10.Analysis of human bocavirus characteristics in children with acute respiratory infections in Bengbu City, Anhui province, 2024
Xinyue CHEN ; Yingli QU ; Jin CAO ; Wenyan TIAN ; Guangyu XUE ; Yuting HU ; Qin LUO ; Qinqin SONG ; Haijun DU ; Guoyong MEI ; Zhiqiang XIA ; Juan SONG ; Jun HAN ; Guoyu LU
Chinese Journal of Experimental and Clinical Virology 2025;39(2):214-218
Objective:To determine the epidemiological characteristics of human bocavirus (HBoV) in children with acute respiratory infections (ARI) in Bengbu City, Anhui Province, in 2024.Methods:Nasopharyngeal swab samples were collected from 269 children with ARI in Bengbu City, Anhui Province, in 2024. Seventeen respiratory pathogens were screened using quantitative fluorescence PCR. For HBoV-positive samples, the VP1/VP2 structural gene fragments of HBoV were amplified and sequenced for genetic evolutionary analysis.Results:Among the 269 nasopharyngeal swab samples from children with ARI, the overall detection rate of respiratory pathogens was 48.33% (103/269). The top three pathogens with the highest detection rates were: Influenza A virus (FluA): 10.04% (27/269), Respiratory syncytial virus (RSV): 8.18% (22/269), Human bocavirus (HBoV): 7.43% (20/269).

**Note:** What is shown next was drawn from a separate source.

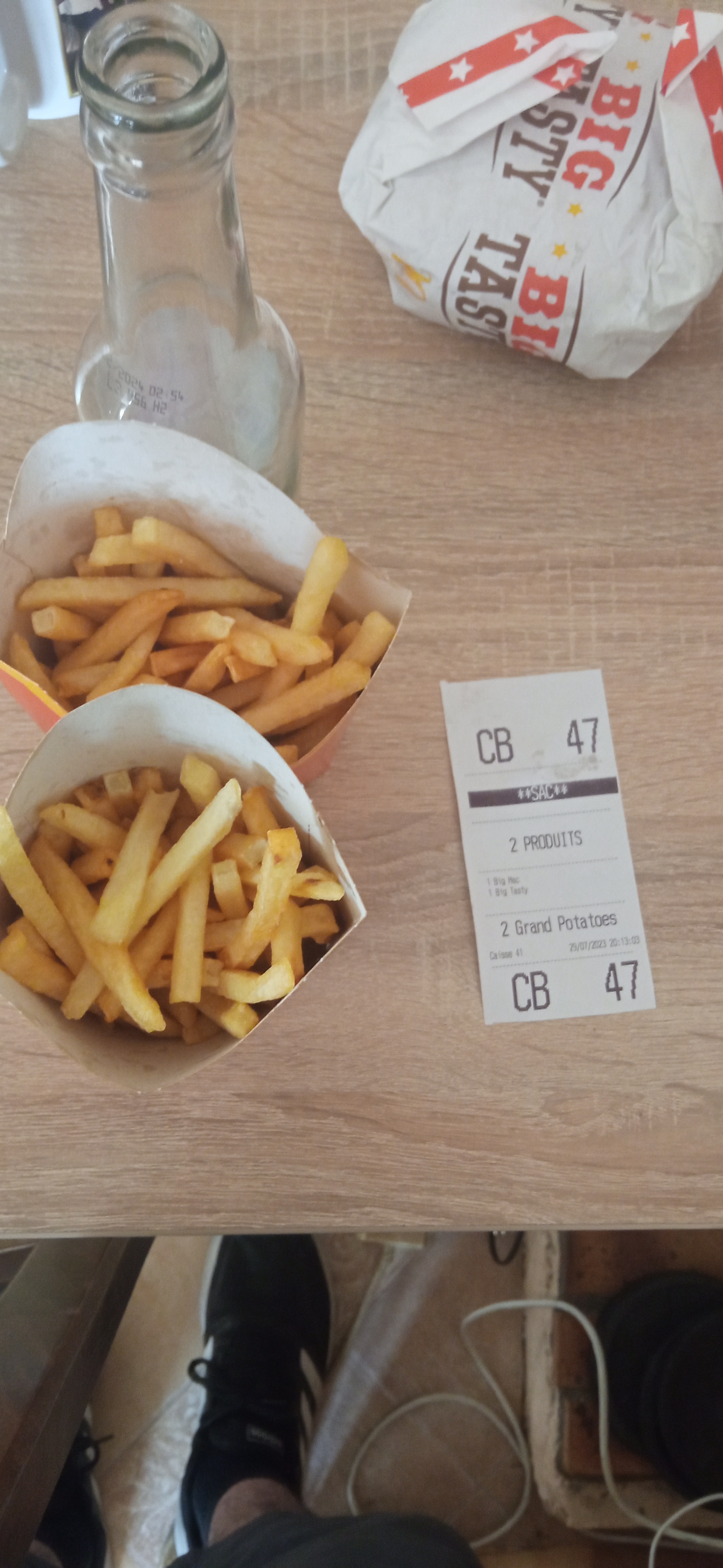 Re merci d etre dsl !!! Jeudi dernier 12h voila encorece que j ai acheter voir photos ... Grande frites LOL !!! Boisson mal fermé!!! Pas de sauces !!! 40euros pour ça ??? Je vous passe les autre fois entre c 2 message Bon comme dans 90% des cas on commande des grande frites et il arrive jamais rempli , en gros on a une moyenne au prix de la grande . Tres souvent tous est tiede et j amais chaud. Pour info je vous est avertie plusieurs fois !!! Ps c la plus belle des photos j ai bien pire

The age distribution of HBoV-infected children showed that the detection rate was highest in the 0-2 years age group (50%, 10/20), followed by the 3-5 years age group (25%, 5/20) and the over 6 years age group (25%, 5/20). However, there was no statistically significant difference in viral detection rates among the age groups. Genetic evolutionary analysis based on VP1/VP2 revealed that all 13 HBoV strains were of the HBoV-1 genotype.Conclusions:HBoV is one of the major pathogens causing ARI in children in Bengbu City, Anhui Province, in 2024, with HBoV-1 being the predominant genotype. Additionally, infants aged 0-2 years are the most susceptible population to HBoV infection.